Records excerpted from a collection:
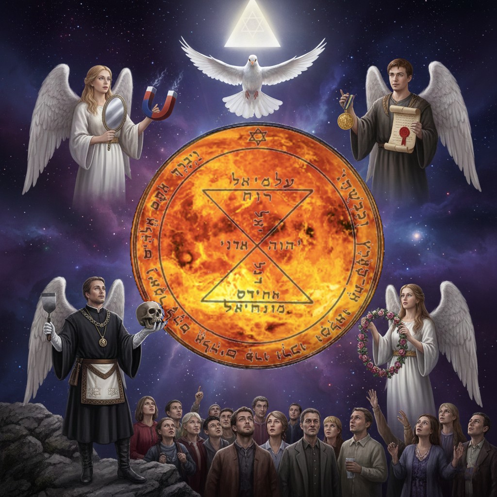 IAN:Seuraavaksi tutkitaan Auringon neljättä pentaakkelia. Siitä sanotaan että se mahdollistaa nähdä näkymättömiä henkiä niiden jotka niitä kutsuvat, ja kun pentaakkelin näyttää heille he välittömästi tulevat näkyviksi. Pentaakkelissa jälleen kahdeksan vegvisir tyylinen kahdeksan pinnaa joiden keskelle kirjotettu hebreaksi IHVH ja ADONAI, pinnojen...
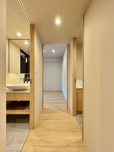 内廊下の床は常に丁寧に清掃され、艶やかな仕上がり。手入れの行き届いた空間は、管理体制の良さと住まう方への心配りを物語っています♩
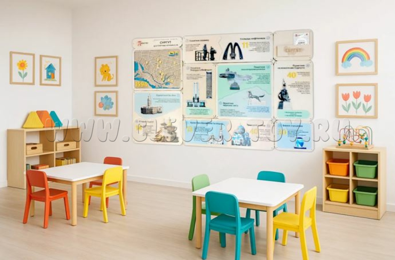 Дидактическая панель "Сургут: достопримечательности" знакомит детей дошкольного возраста с историей и культурным наследием города Сургут.
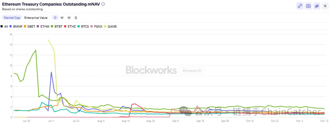 机构近期动作似乎也捕捉到了这一偏差。11月6日,ARK Invest加仓21.5万股(806万美元);摩根大通三季度末持仓197万股。这并非盲目抄底,而是基于对ETH生态长期复合增长的判断。一旦以太坊价格企稳或温和反弹,收益的相对稳定性或将让BitMine的mNAV修复路径比纯杠杆型财库更为陡峭。
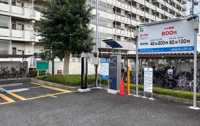 日東工業(株)製3kW普通充電コンセントです。充電ケーブルは必要です。駐車料金600円/24hで満充電はお得です。
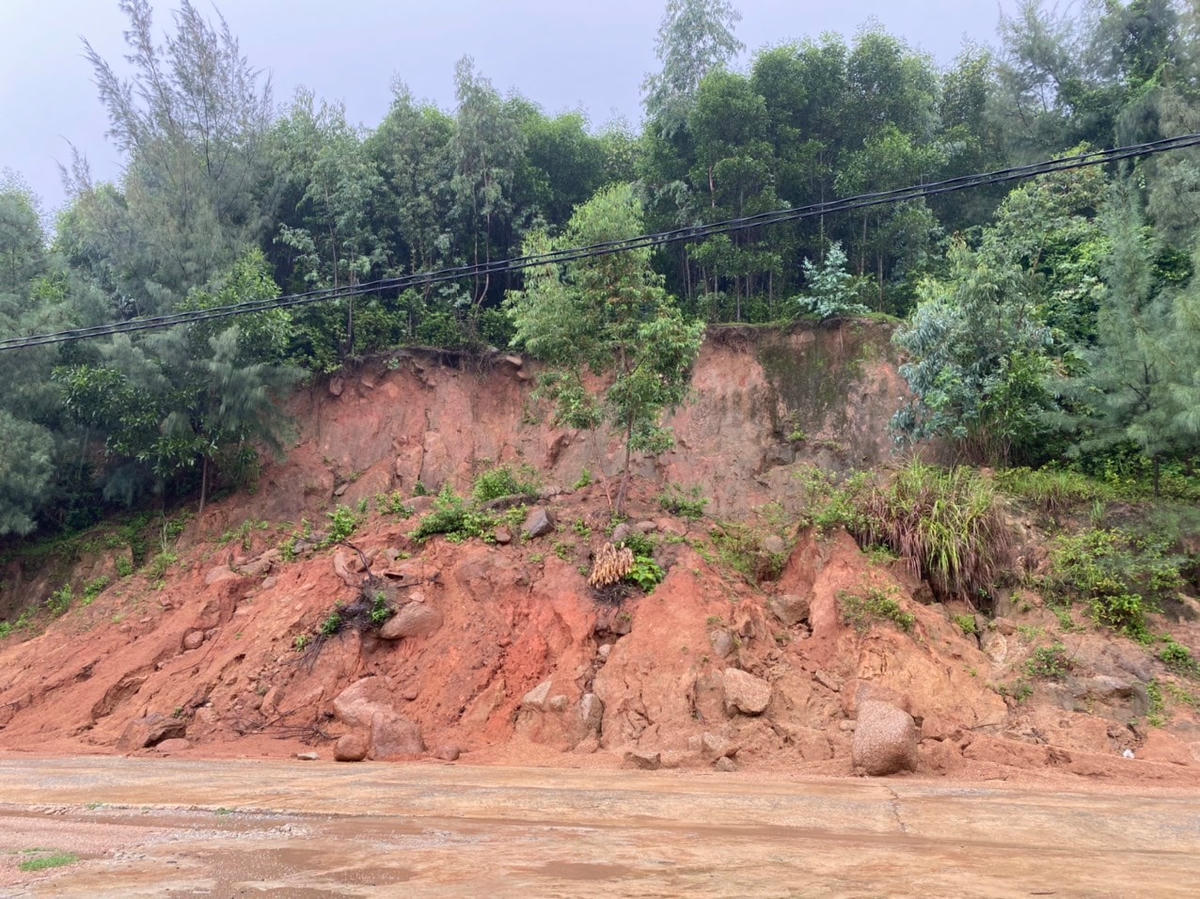Mưa lớn diễn ra từ ngày 21/9 đến nay đã gây sạt lở dọc tuyến đường tuần tra ven biển xã Cẩm Lĩnh (hay còn gọi là tuyến đường quốc phòng đi xã Cẩm Lĩnh (Cẩm Xuyên) đến Kỳ Xuân (huyện Kỳ Anh).
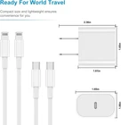 【20W PD Fast Charger for iPhone】 iPhone fast charger equipped with 2-pack 20W PD USB Type C power delivery wall plug. PD 3.0 quick-charge USB C port provides max 20W output power, charging your iPhone 14/13/12 up to 50% in just 30 minutes - saving over 1.5 hours. 【2-pack Apple MFi Certified USB C to Lightning Cable 6ft】 USB C to lightning cable features original Apple chip with latest C94 terminal and smart chip. MFi certified to prevent warning messages, with built-in intelligent chip providing overvoltage protection, battery protection and automatic chip recognition to safeguard your iPhone/iPad/AirPods Pro battery. 【Safe & Efficient Fast Charging Block】 Type C wall charger features multiple protection systems against overvoltage, overcharge and overheating. Smart chip automatically matches device's current requirements for fast, safe and stable charging. 6ft cable ideal for home/office/travel use. 【Universal Compatibility】 Works with: • iPhone 14/14 Plus/14 Pro/14 Pro Max • iPhone 13/13 Pro/13 Pro Max/13 Mini • iPhone 12/12 Mini/12 Pro/12 Pro Max/SE • iPhone 11/11 Pro/11 Pro Max/XS/XS Max/XR/X/8 Plus • iPad Also charges iPhone 7/6 Plus, iPhone 5/5c/5s/SE at original speed. 【What You Get 】 2×20W PD 3.0 Apple-compatible charger plugs + 6ft certified USB C to lightning cables. Includes 1-year warranty. Contact us with any questions.

#### YOUR GOAL
Your answer should be an exact copy of the records above, with no pictures in it.

#### EXPECTED OUTPUT
 IAN:Seuraavaksi tutkitaan Auringon neljättä pentaakkelia. Siitä sanotaan että se mahdollistaa nähdä näkymättömiä henkiä niiden jotka niitä kutsuvat, ja kun pentaakkelin näyttää heille he välittömästi tulevat näkyviksi. Pentaakkelissa jälleen kahdeksan vegvisir tyylinen kahdeksan pinnaa joiden keskelle kirjotettu hebreaksi IHVH ja ADONAI, pinnojen...
 内廊下の床は常に丁寧に清掃され、艶やかな仕上がり。手入れの行き届いた空間は、管理体制の良さと住まう方への心配りを物語っています♩
 Дидактическая панель "Сургут: достопримечательности" знакомит детей дошкольного возраста с историей и культурным наследием города Сургут.
 机构近期动作似乎也捕捉到了这一偏差。11月6日,ARK Invest加仓21.5万股(806万美元);摩根大通三季度末持仓197万股。这并非盲目抄底,而是基于对ETH生态长期复合增长的判断。一旦以太坊价格企稳或温和反弹,收益的相对稳定性或将让BitMine的mNAV修复路径比纯杠杆型财库更为陡峭。
 日東工業(株)製3kW普通充電コンセントです。充電ケーブルは必要です。駐車料金600円/24hで満充電はお得です。
Mưa lớn diễn ra từ ngày 21/9 đến nay đã gây sạt lở dọc tuyến đường tuần tra ven biển xã Cẩm Lĩnh (hay còn gọi là tuyến đường quốc phòng đi xã Cẩm Lĩnh (Cẩm Xuyên) đến Kỳ Xuân (huyện Kỳ Anh).
 【20W PD Fast Charger for iPhone】 iPhone fast charger equipped with 2-pack 20W PD USB Type C power delivery wall plug. PD 3.0 quick-charge USB C port provides max 20W output power, charging your iPhone 14/13/12 up to 50% in just 30 minutes - saving over 1.5 hours. 【2-pack Apple MFi Certified USB C to Lightning Cable 6ft】 USB C to lightning cable features original Apple chip with latest C94 terminal and smart chip. MFi certified to prevent warning messages, with built-in intelligent chip providing overvoltage protection, battery protection and automatic chip recognition to safeguard your iPhone/iPad/AirPods Pro battery. 【Safe & Efficient Fast Charging Block】 Type C wall charger features multiple protection systems against overvoltage, overcharge and overheating. Smart chip automatically matches device's current requirements for fast, safe and stable charging. 6ft cable ideal for home/office/travel use. 【Universal Compatibility】 Works with: • iPhone 14/14 Plus/14 Pro/14 Pro Max • iPhone 13/13 Pro/13 Pro Max/13 Mini • iPhone 12/12 Mini/12 Pro/12 Pro Max/SE • iPhone 11/11 Pro/11 Pro Max/XS/XS Max/XR/X/8 Plus • iPad Also charges iPhone 7/6 Plus, iPhone 5/5c/5s/SE at original speed. 【What You Get 】 2×20W PD 3.0 Apple-compatible charger plugs + 6ft certified USB C to lightning cables. Includes 1-year warranty. Contact us with any questions.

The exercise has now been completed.